Start of Block

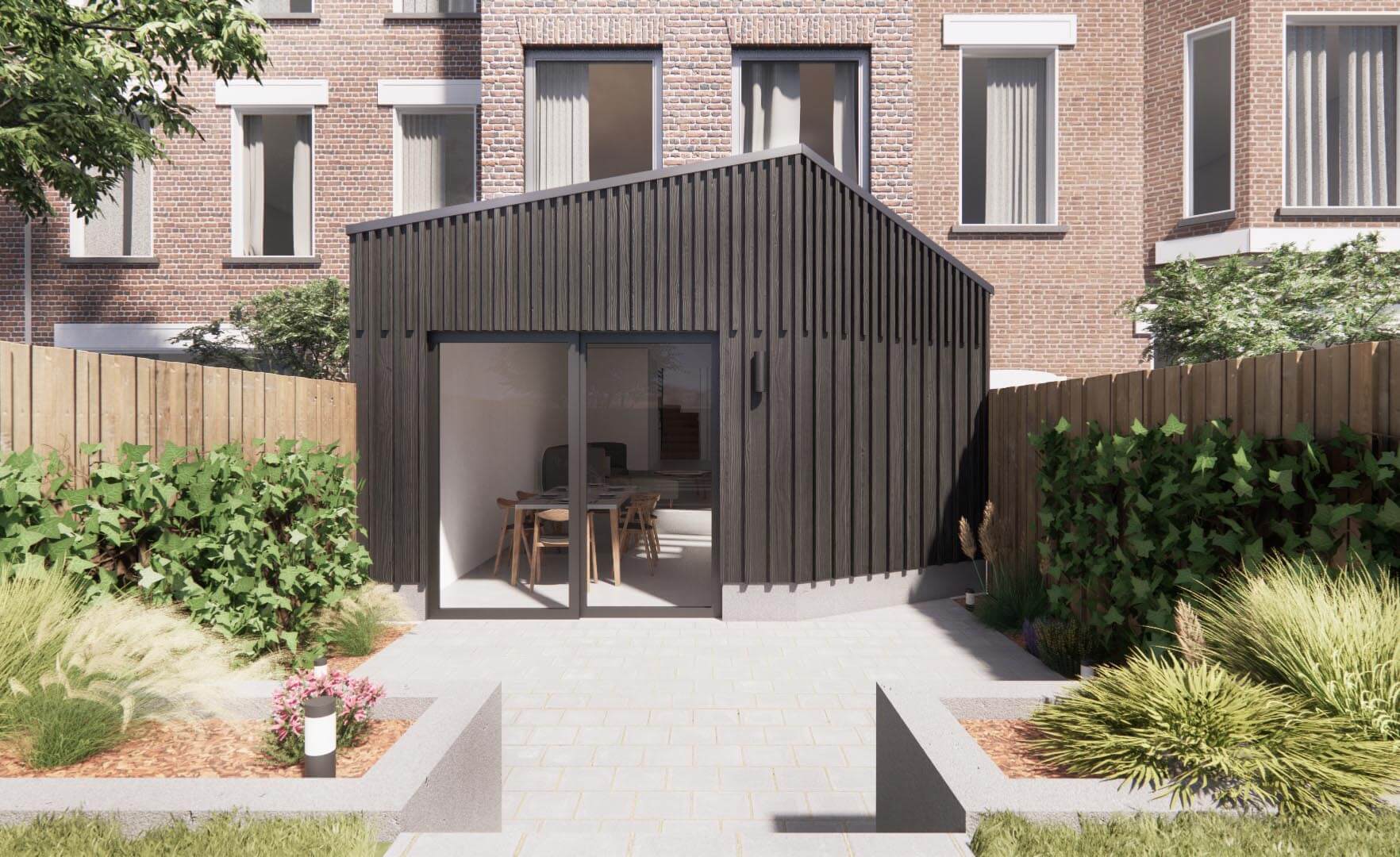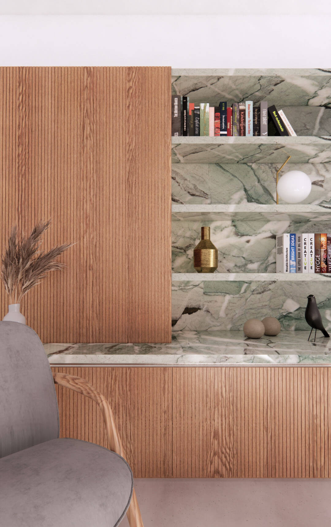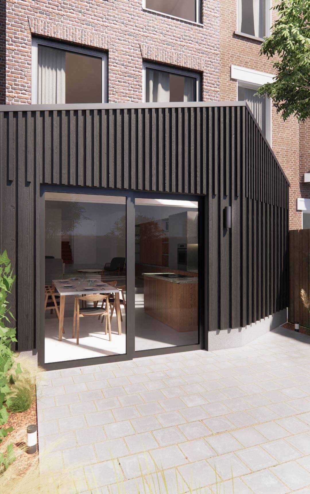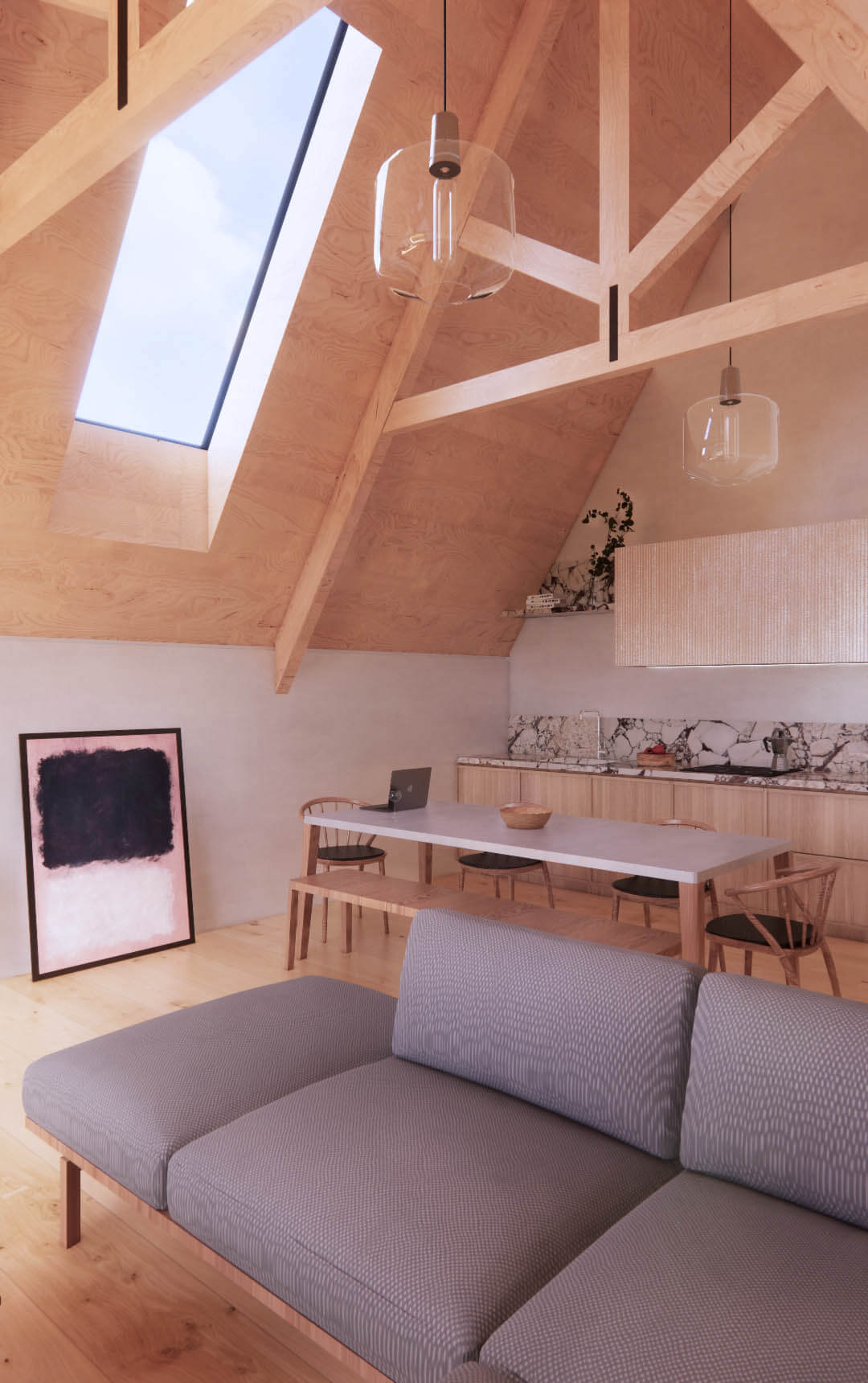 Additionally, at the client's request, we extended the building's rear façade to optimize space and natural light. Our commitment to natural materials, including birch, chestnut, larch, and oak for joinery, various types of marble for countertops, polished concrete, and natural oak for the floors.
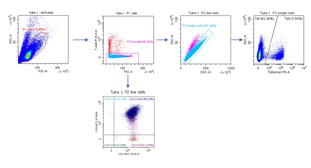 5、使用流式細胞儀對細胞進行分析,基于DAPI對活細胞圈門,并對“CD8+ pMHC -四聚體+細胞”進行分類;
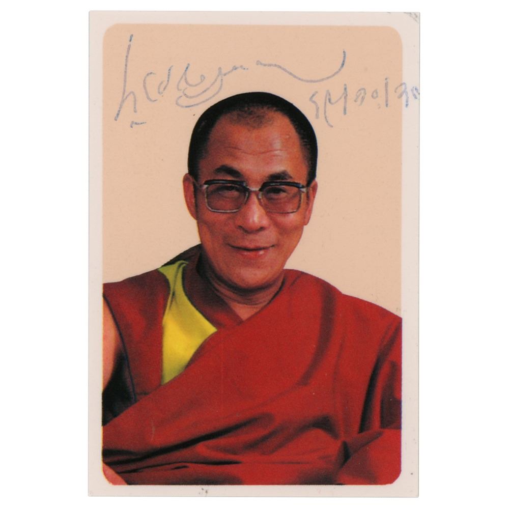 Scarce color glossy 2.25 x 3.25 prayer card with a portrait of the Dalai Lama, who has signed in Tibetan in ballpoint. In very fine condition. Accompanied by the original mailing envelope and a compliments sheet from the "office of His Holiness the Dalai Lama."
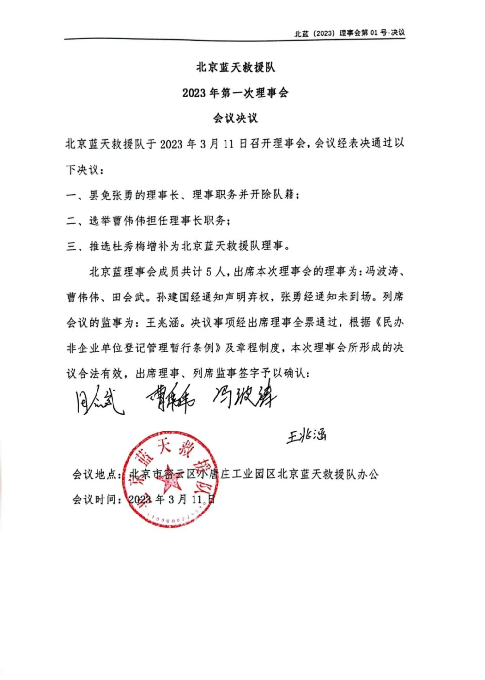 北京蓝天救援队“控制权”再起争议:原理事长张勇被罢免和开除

End of Block

What is expected: Go through the data and return every word of it verbatim, leaving out the pictures.

Response to the exercise:
 Additionally, at the client's request, we extended the building's rear façade to optimize space and natural light. Our commitment to natural materials, including birch, chestnut, larch, and oak for joinery, various types of marble for countertops, polished concrete, and natural oak for the floors.
 5、使用流式細胞儀對細胞進行分析,基于DAPI對活細胞圈門,并對“CD8+ pMHC -四聚體+細胞”進行分類;
 Scarce color glossy 2.25 x 3.25 prayer card with a portrait of the Dalai Lama, who has signed in Tibetan in ballpoint. In very fine condition. Accompanied by the original mailing envelope and a compliments sheet from the "office of His Holiness the Dalai Lama."
 北京蓝天救援队“控制权”再起争议:原理事长张勇被罢免和开除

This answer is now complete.